OMG, my right index finger should be bleeding from all the shots I've taken this past weekend at Dragon*Con, and also this weekend at CEDIA. Blasted through around 7,000 shots so far on the XSi, still a lot of experimentation on my part, but that's half the fun.

 

7K shots already?!   And I thought I went a little nutty w/ the shooting when I bought my first (D)SLR some years back.   Hmmm...  I wonder what's the MTBF and periodic duty cycle (if any) of the shutter mechanism (among other things).

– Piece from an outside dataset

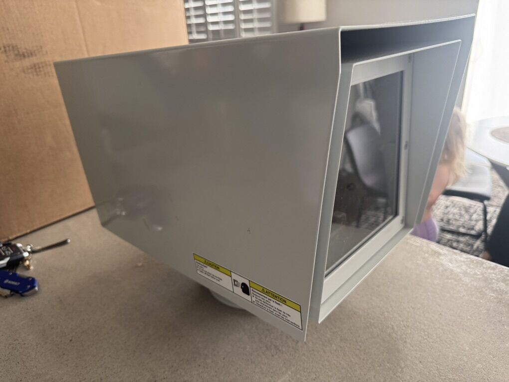 Industrial-Grade Camera/Sensor Housing This is a weatherproof, outdoor housing/enclosure designed for cameras or sensors-most likely a License Plate Recognition (LPR/ANPR) camera enclosure, given several telltale features: • The sun-shielded front window is a common design for protecting camera lenses from glare and weather. • The dazzling flash warning label suggests it's intended for use with cameras equipped with flash or IR illumination. • Inside, you've got terminal blocks, a grounding lug, and structured cable passes, which are typical of professional camera housings that contain integrated power and data wiring. These types of housings are commonly used for traffic enforcement, parking lot monitoring, or perimeter security where durable and tamper-resistant protection is crucial.
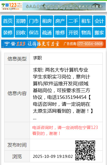 求职: 两名大专计算机专业学生求职实习岗位,意向计算机(软件运维开发岗)领域基础岗位,可按要求签三方协议,电话15635194454 【电话咨询时,请一定说明在太原生活网看到的,谢谢!】 |

Actually, the "nuttiest" machine gun style use of a DSLR I've heard of so far (from an actual user over in the dpreview forums) is some guy who shot ~85K frames (of some particular breed of "toy" dogs he sells) in ~6 months w/ his first Nikon D70 back in the first year of its production run (in 2002?).  He started complaining about his camera going a little flakey at that point, and then, IIRC, it died after he reached somewhere >100K shots another month or so later.  I think he went thru a 2nd D70 in similar fashion before getting a D2H w/ its serious machine gun speed (and greater, pro level durability).  Can't remember how many shots he went thru w/ those bodies, but IIRC, Nikon had rated their (then flagship pro) D2 series bodies at either 150K or 200K shutter actuations although one can probably get (a good deal) more out of them in actual practice -- and of course, the shutter mechanism can be replaced although it might not be worthwhile replacing given today's DSLR tech life-cycle.  I think they also bumped up the ratings for more recent bodies though.

Anyway, have fun blasting thru all those shots on your computer to sort them out, etc.  Hope you don't plan on doing much PP work w/ them, except for maybe a handful of the best ones.

_Man_

Just another amateur learning to paint w/ "the light of the world".